These steps start hadoop as a series of daemon(background) services. In order to verify, go to your browser (use chrome if you can) and try connecting localhost:50070
. You will be good if you see a console-looking page popping up.
Almost the same as that in section 'Install Hadoop'. Don't forget to try brew update && brew upgrade
if you get stuck here.
dyn-160-39-203-77:~ siruitan$ brew install hbase
==> Downloading https://www.apache.org/dyn/closer.cgi?path=hbase/1.1.2/hbase-1.1.2-bin.tar.gz
==> Best Mirror http://apache.mirrors.pair.com/hbase/1.1.2/hbase-1.1.2-bin.tar.gz
curl: (22) The requested URL returned error: 404 Not Found
Trying a mirror...
==> Downloading https://archive.apache.org/dist/hbase/1.1.2/hbase-1.1.2-bin.tar.gz
######################################################################## 100.0%
==> Caveats
You must edit the configs in:
/usr/local/Cellar/hbase/1.1.2/libexec/conf
to reflect your environment.
For more details:
https://hbase.apache.org/book.html
==> Summary
🍺 /usr/local/Cellar/hbase/1.1.2: 11,703 files, 391.0M, built in 23 seconds
Go to HBase's home dir, /usr/local/Cellar/hbase/<version number>
, and go further into libexec/conf/
, the dir for HBase config files.
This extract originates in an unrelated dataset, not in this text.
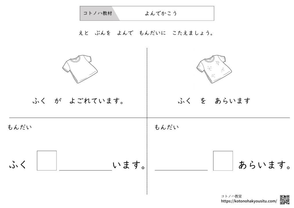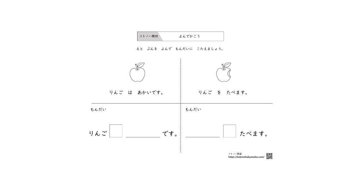 「りんごは」と「りんごを」。 たった一文字の違いを、絵を見比べるだけで直感的に学べるプリントです。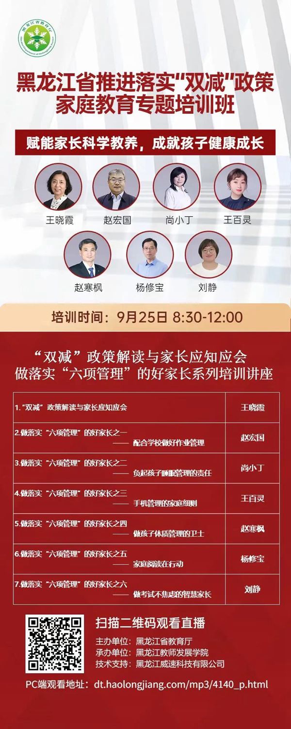 據(jù)了解,此次培訓是《黑龍江省中小學“百萬家庭賦能”工程實施方案》重要組成部分,也是省教育廳踐行黨史學習教育“我為群眾辦實事”,解決群眾急難愁盼問題的具體舉措,由省教育廳主辦、黑龍江教師發(fā)展學院承辦,基礎教育處處長領銜六位家庭教育專家共同開講,時長三個半小時,受到廣大家長的一致好評,取得良好的社會反響,直播時瀏覽峰值達到210.7萬人次。培訓內(nèi)容緊緊圍繞廣大家長們“雙減”形勢下的困惑,深入宣傳“雙減”政策和年初以來教育部相繼下發(fā)的關于手機、作業(yè)、睡眠、讀物、體質(zhì)、考試等“六項管理”文件內(nèi)容,分七個專題進行深入細致的家庭教育指導,有的放矢地解答家長“心中所疑”、化解家長“心中所急”,很多家長通過家庭學校群進行交流,有的家長反饋道:“通過觀看直播我們家長深刻體會到一定要以身作則,在孩子面前少玩手機,多陪孩子閱讀書籍,多讓孩子進行戶外活動?!庇械募议L則表示,聽了講座深刻理解了孩子成長的根基深植于家庭教育的道理,家庭教育才是孩子的起跑線,主動地配合學校落實“雙減”政策,從做好“六項管理”入手科學優(yōu)化家庭教養(yǎng)方式,減少孩子的校外培訓和作業(yè)負擔,還給孩子一個幸福的童年,做一名智慧家長。

Now please consult section 'Configure Hadoop' for config details, I will list them here.
hbase-env.sh
Append this line
export JAVA_HOME="$(/usr/libexec/java_home)"
and find/replace with this line
export HBASE_OPTS="-XX:+UseConcMarkSweepGC -Djava.security.krb5.realm= -Djava.security.krb5.kdc="
hbase-site.xml
<configuration>
<property>
<name>hbase.rootdir</name>
<value>hdfs://localhost:9000/hbase</value>
</property>
</configuration>
Under HBase's home dir, go to bin/
dir and start HBase services through start-hbase.sh
.
dyn-160-39-203-77:bin siruitan$ ./start-hbase.sh
starting master, logging to /usr/local/Cellar/hbase/1.1.2/libexec/bin/../logs/hbase-siruitan-master-dyn-160-39-203-77.dyn.columbia.edu.out
Java HotSpot(TM) 64-Bit Server VM warning: ignoring option PermSize=128m; support was removed in 8.0
Java HotSpot(TM) 64-Bit Server VM warning: ignoring option MaxPermSize=128m; support was removed in 8.0
dyn-160-39-203-77:bin siruitan$ jps
47026 DataNode
47267 ResourceManager
47141 SecondaryNameNode
47365 NodeManager
47813 HMaster
46934 NameNode
47866 Jps
HBase shell provides an interface for you to play around with HBase, which is the purpose of this hw. under <HBase home dir>/bin/
, use ./hbase shell
to enter the shell and type exit
inside the shell to exit.
dyn-160-39-203-77:bin siruitan$ ./hbase shell
SLF4J: Class path contains multiple SLF4J bindings.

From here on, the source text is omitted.